The Projected Max Cost is only shown after 3 or more iterations, since earlier projections would be unreliable. It multiplies the average cost per iteration by the remaining iteration budget and adds the cost already incurred.

CLI Display

During loop execution, cost statistics are displayed in the terminal:

Tokens: 45.2K (38.1K in / 7.1K out)
Cost: $0.221 ($0.018/iteration avg)
Projected max cost: $0.552

Token counts use shorthand notation:

  • Values under 1,000 are shown as-is (e.g., 847)
  • Values from 1,000 to 999,999 use K suffix (e.g., 45.2K)
  • Values above 1,000,000 use M suffix (e.g., 1.23M)

Cost values are formatted for readability:

  • Costs under $0.01 are shown with cent symbol (e.g., 0.50¢)
  • Costs from $0.01 to $0.99 show three decimal places (e.g., $0.221)
  • Costs $1.00 and above show two decimal places (e.g., $12.50)

Tips for Controlling Costs

Choose the Right Preset

Presets with lower maxIterations naturally cap spending:

PresetMax IterationsTypical Use
review10Read-only analysis
incident-response15Quick focused fix
feature-minimal20Simple implementation
debug20Investigation
feature30Standard development
tdd-red-green50Full TDD cycle

Use --max-iterations to Set Hard Limits

Override any preset's iteration cap:

# Cap at 10 iterations regardless of preset
ralph-starter run "add feature" --preset feature --max-iterations 10

Enable Circuit Breakers

Circuit breakers stop the loop when the agent is stuck, preventing token waste on repeated failures. See the Circuit Breaker documentation for details.

ralph-starter run "add feature" --circuit-breaker-failures 2 --circuit-breaker-errors 3

Use Cheaper Models

If your task does not require the most capable model, using a cheaper model reduces cost per iteration significantly.
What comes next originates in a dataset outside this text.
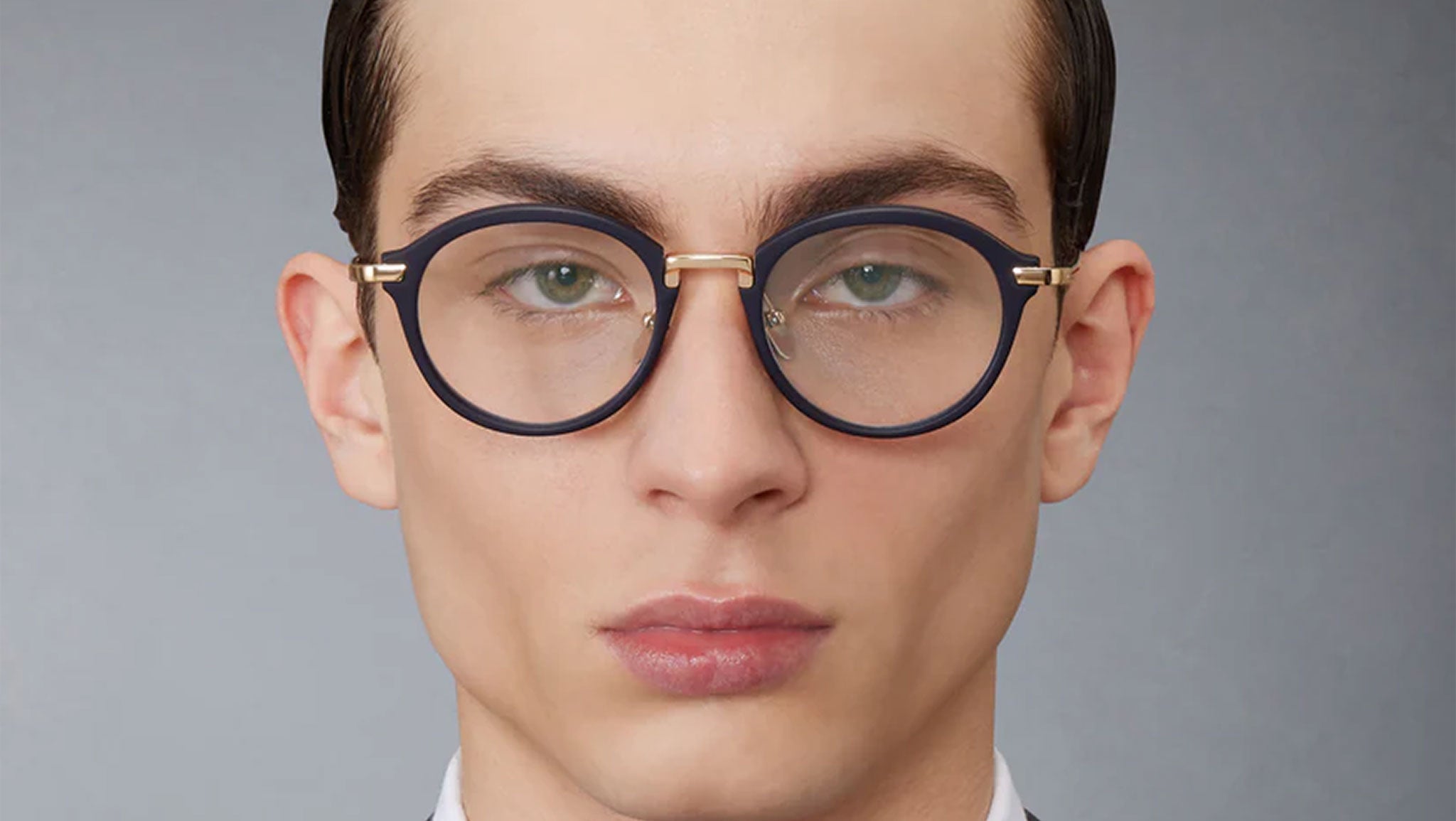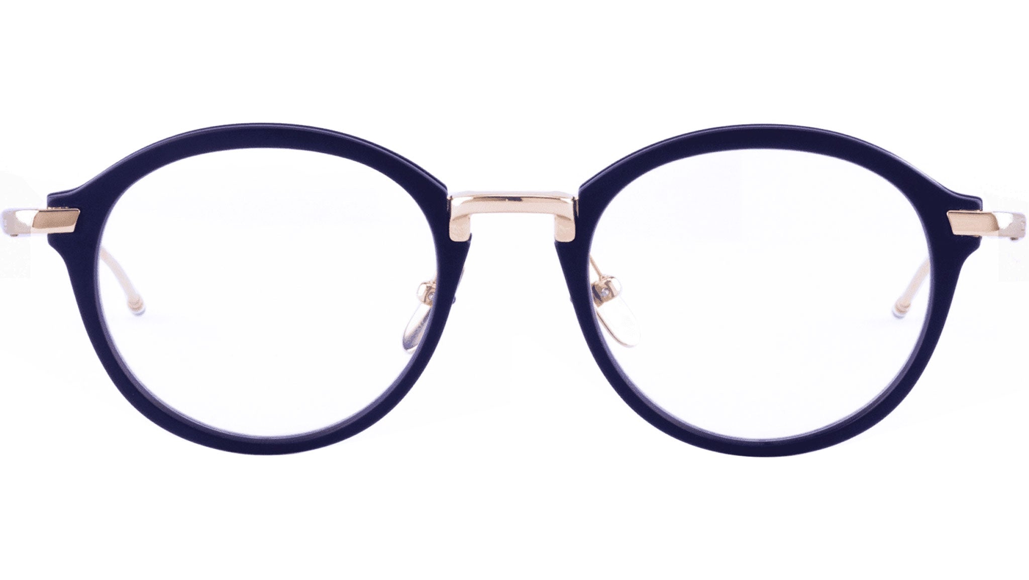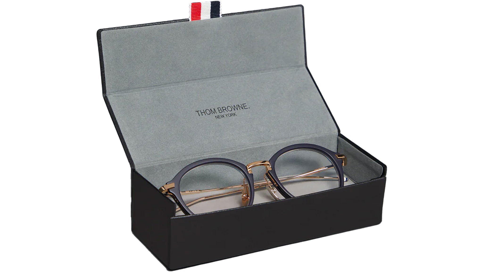 Occhiali da vista Thom Browne unisex modello UEO011A con montatura full-rim in acetato-titanio blu navy opaco e lenti demo. Codice Brand: UEO011A. Codice colore: 410. Rivenditore autorizzato Thom Browne online. Gli occhiali vengono consegnati con custodia e accessori originali e sono coperti da garanzia standard di 12 mesi del produttore.

Claude 3.5 Haiku at $0.25/$1.25 per million tokens is 60x cheaper on input and 60x cheaper on output compared to Claude 3 Opus.

Use Rate Limiting

Rate limiting caps how fast the loop calls the API, giving you a natural spending brake. See the Rate Limiting documentation.

ralph-starter run "add feature" --rate-limit 30  # Max 30 calls/hour

Monitor the Projected Cost

Watch the Projected Max Cost in the activity.md file. If the projection exceeds your budget, you can stop the loop early (Ctrl+C) and restart with a lower --max-iterations or a different approach.

Cost Tracking Architecture

The cost tracker records each iteration independently:

  1. Input text (the prompt sent to the agent) is measured and converted to estimated input tokens.
  2. Output text (the agent's response) is measured and converted to estimated output tokens.
  3. Both are combined into a TokenEstimate (inputTokens, outputTokens, totalTokens).
  4. The estimate is multiplied by the model's pricing to produce a CostEstimate (inputCost, outputCost, totalCost).
  5. Each iteration's data is stored and used to compute running averages and projections.

The tracker instance is created when the loop starts (if trackCost is true) and is available throughout the loop's lifetime. At the end of the loop, the final statistics are included in the LoopResult.stats.costStats object.